Data extracted from a collection:
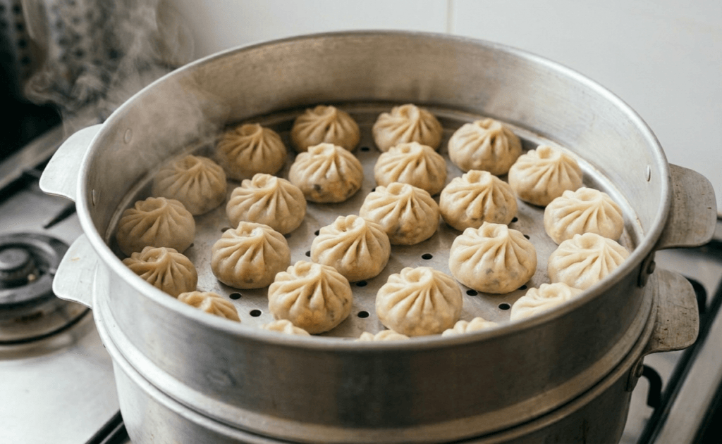 Steaming gives MoMo their characteristic soft, slightly translucent texture.
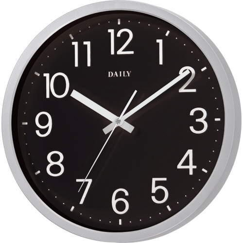 | 商品仕様 | ●寸法/直径331×奥行43mm ●重量/780g ●色/盤面色:黒 ●使用電池/単3マンガン電池1本(別売) ●秒針音/有 ●材質/枠:プラスチック、風防:ガラス |
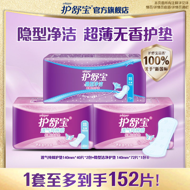 护舒宝隐型透气超薄纯棉卫生护垫无香152片组合 宝洁官方旗舰店
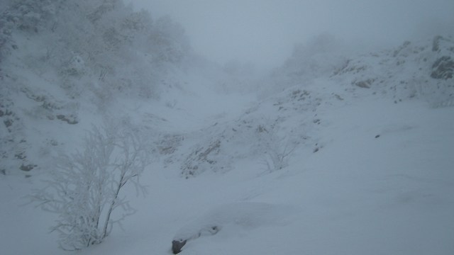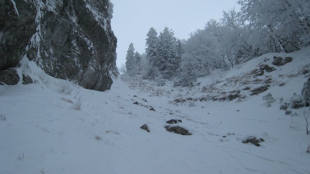 Au départ du parking je remarque qu'il y a beaucoup moins de neige qu'en Charteuse! Sympa cette face Est, bien pomatoire avec ce petit brouillard (1 remontée de 50m dans la face). Quelques touchettes mais je pense que la face est suffisamment bien remplie. Foret peu skiante car pas assez de neige. Le couloir derrière Château-Bouvier est vraiment ultra-sec. J'y retournerai pour deux raisons : skier plus sereinement sans avoir à ce soucier de l'itinéraire! Et pouvoir skier correctement la foret derrière Chateau-Bouvier (il faut plus de neige).
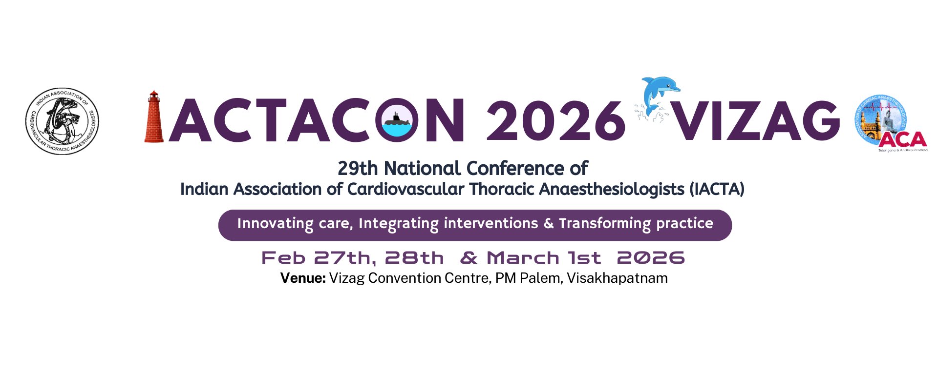 The scientific committee of the 29th annual conference of the Indian association of cardiovascular & thoracic anaesthesiologists (IACTACON2026 VISAKHAPATNAM) invites abstracts for Janak Mehta award paper presentation, free paper and e-poster presentation during the conference to be held from 27th, 28th Feb & March 1st 2026 at Vizag conventions, Visakhapatnam.
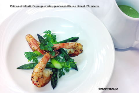 Pointes et velouté d'asperges vertes, gambas poêlées au piment d'Espelette
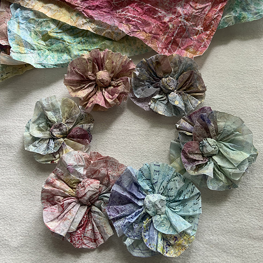 Wrinkled Rice Paper Flowers: In this creative workshop, Rebekah will teach a very simple technique for creating beautifully wilted flowers using rice paper, tissue, or napkins. You’ll learn how to add natural-looking texture and dimension with minimal tools, making this an easy and versatile technique for a wide variety of projects. As a bonus, Rebekah will also show you how to create a beautiful envelope to store die cuts, embellishments, and all your creative treasures. This class is beginner-friendly and perfect for adding soft, organic elements to your mixed-media and paper projects.
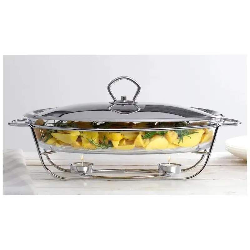 Vasul de incalzit 3L este fabricat din sticla termorezistenta si otel inoxidabil de cea mai buna calitate. Poate fi folosit atat in cuptorul cu microunde cat si in cuptor, indiferent de sursa de caldura folosita (gaz, electric). Se pot pregati alimentele direct in el, sa fie servit si apoi pastrat in acelasi vas deoarece sticla (doar sticla) rezista la temperaturi cuprinse intre -25 grade Celsius si +230 grade Celsius. Vasul are un capac din inox. Suportul inox are inclus un rezervor pentru o lumanare tip pastila (inclus 1 buc) pentru mentinerea calda a mancarii servite. Se recomanda pentru servirea supelor.
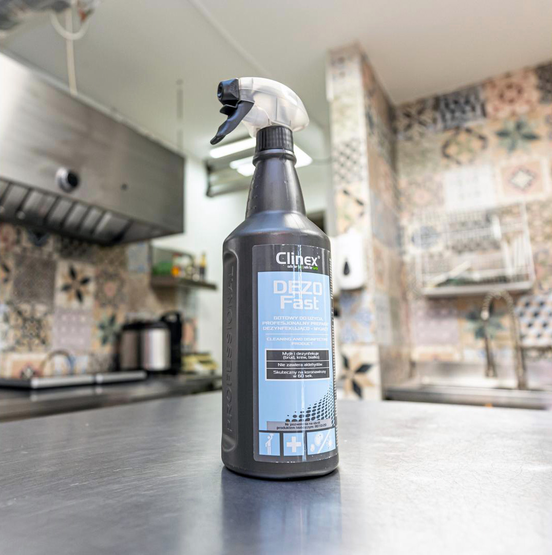 CLINEX DEZOFAST je vysoce účinný dezinfekční a čisticí prostředek bez aldehydů, ideální pro profesionální použití. Jeho účinnost byla potvrzena výzkumem provedeným Slezskou univerzitou v Katovicích. DEZOFast se vyznačuje výjimečnou baktericidní, virucidní a fungicidní účinností, díky čemuž je nepostradatelný v oblastech vyžadujících vysoké hygienické standardy.
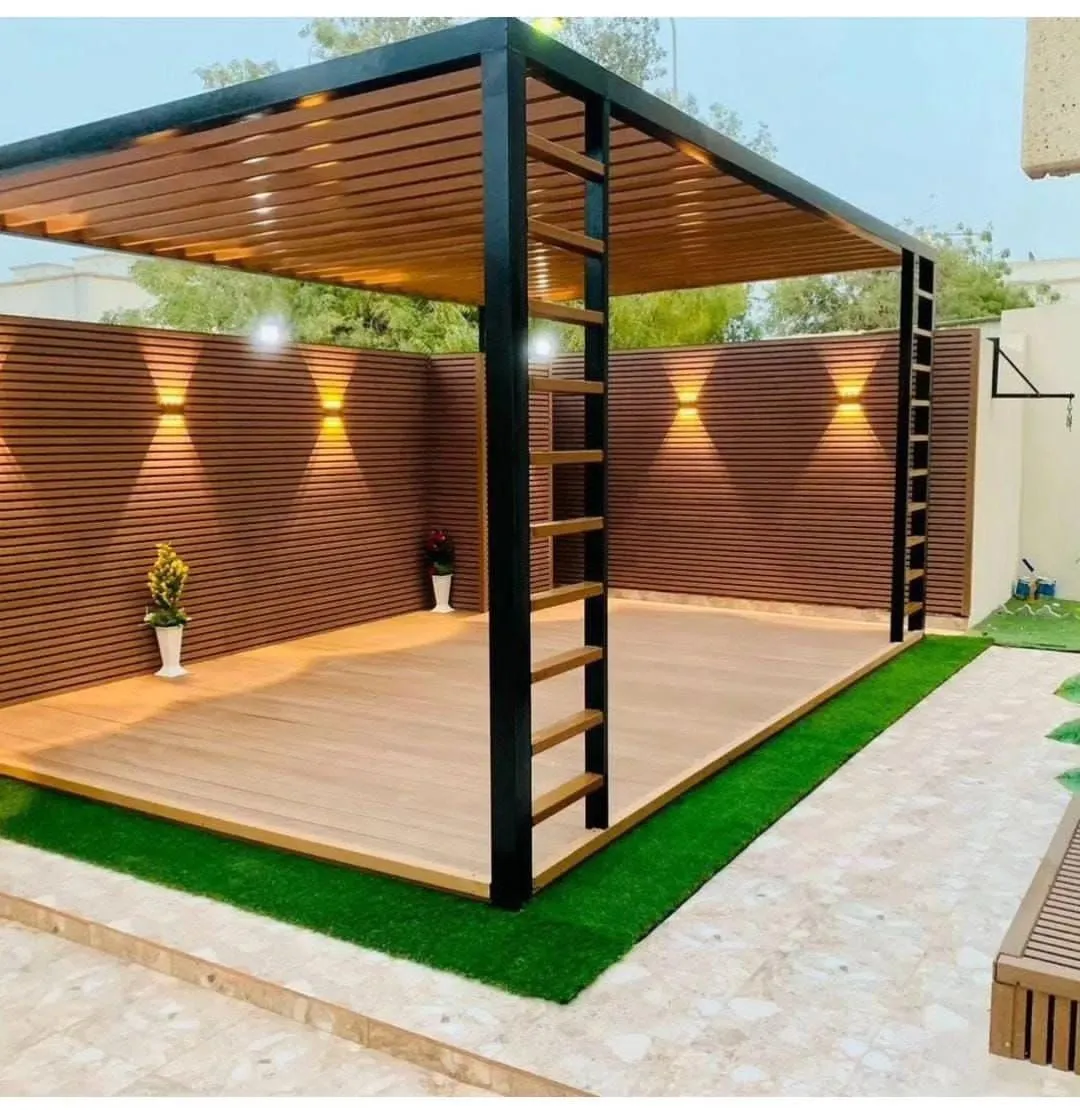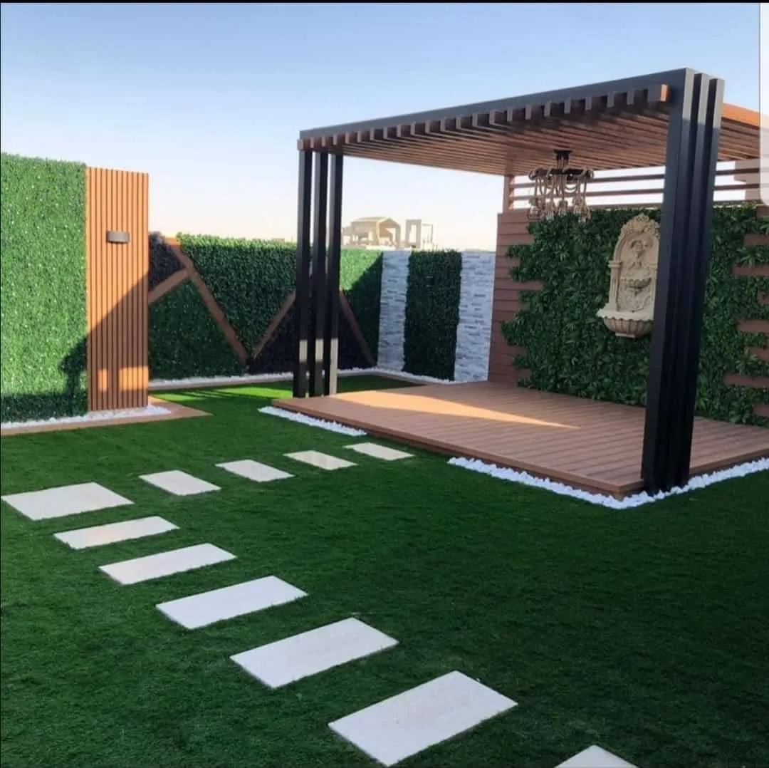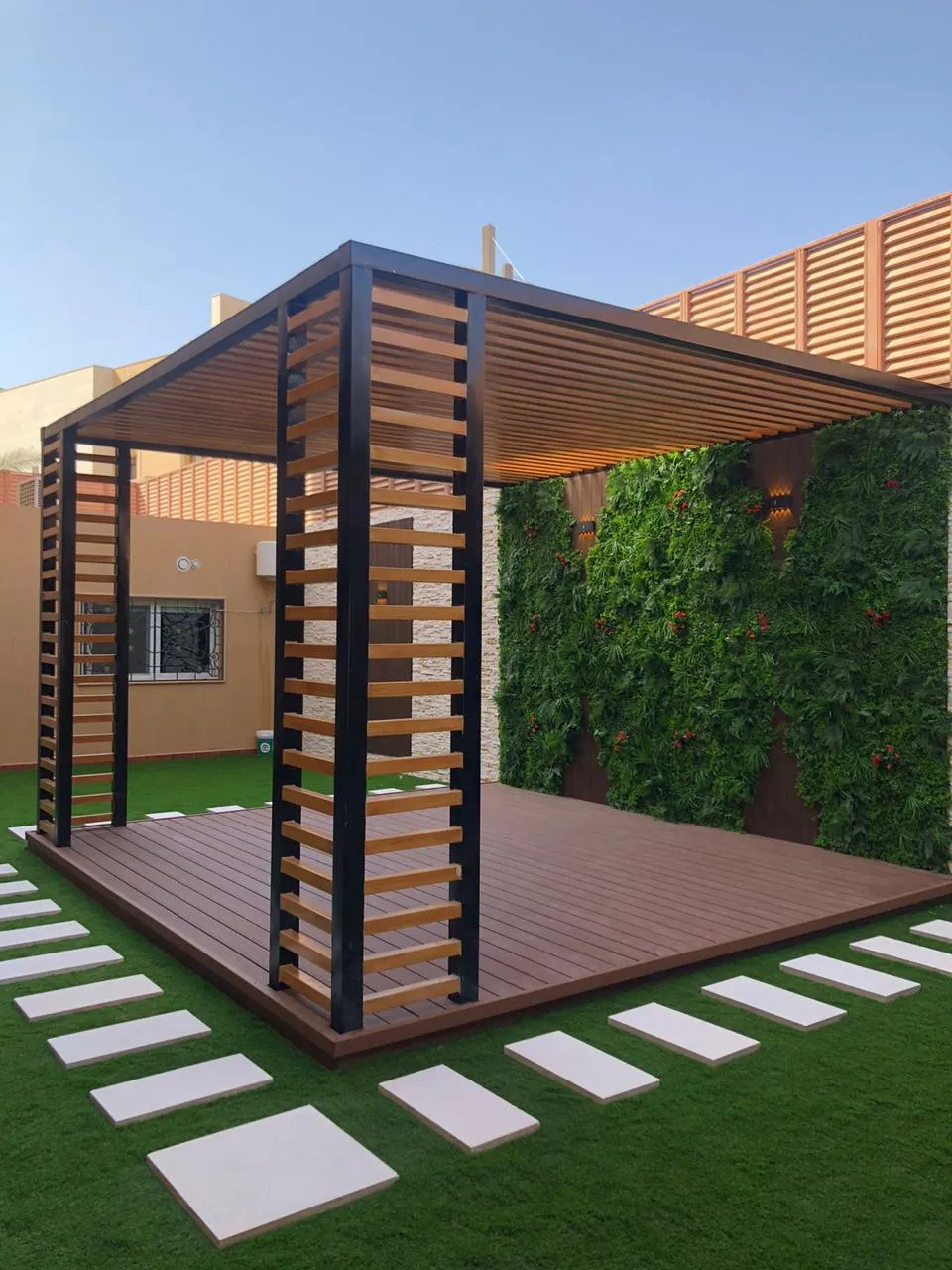 - الجدران النباتية المتكاملة: تصميم البرجولة بحيث تكون مصممة لاستضافة نباتات متسلقة أو دمج نظام حدائق عمودية في أعمدتها، مما يحول البرجولة إلى جزء حيوي من البيئة بدلاً من مجرد هيكل إضافي.

Exercise:
Go down the entries above from the line containing "商品仕様 | ●寸法/直径331×奥行43mm" to the line containing "护舒宝隐型透气超薄纯棉卫生护垫无香152片组合 宝洁官方旗舰店" and write out each line exactly, leaving pictures out.

Result of the task:
 | 商品仕様 | ●寸法/直径331×奥行43mm ●重量/780g ●色/盤面色:黒 ●使用電池/単3マンガン電池1本(別売) ●秒針音/有 ●材質/枠:プラスチック、風防:ガラス |
 护舒宝隐型透气超薄纯棉卫生护垫无香152片组合 宝洁官方旗舰店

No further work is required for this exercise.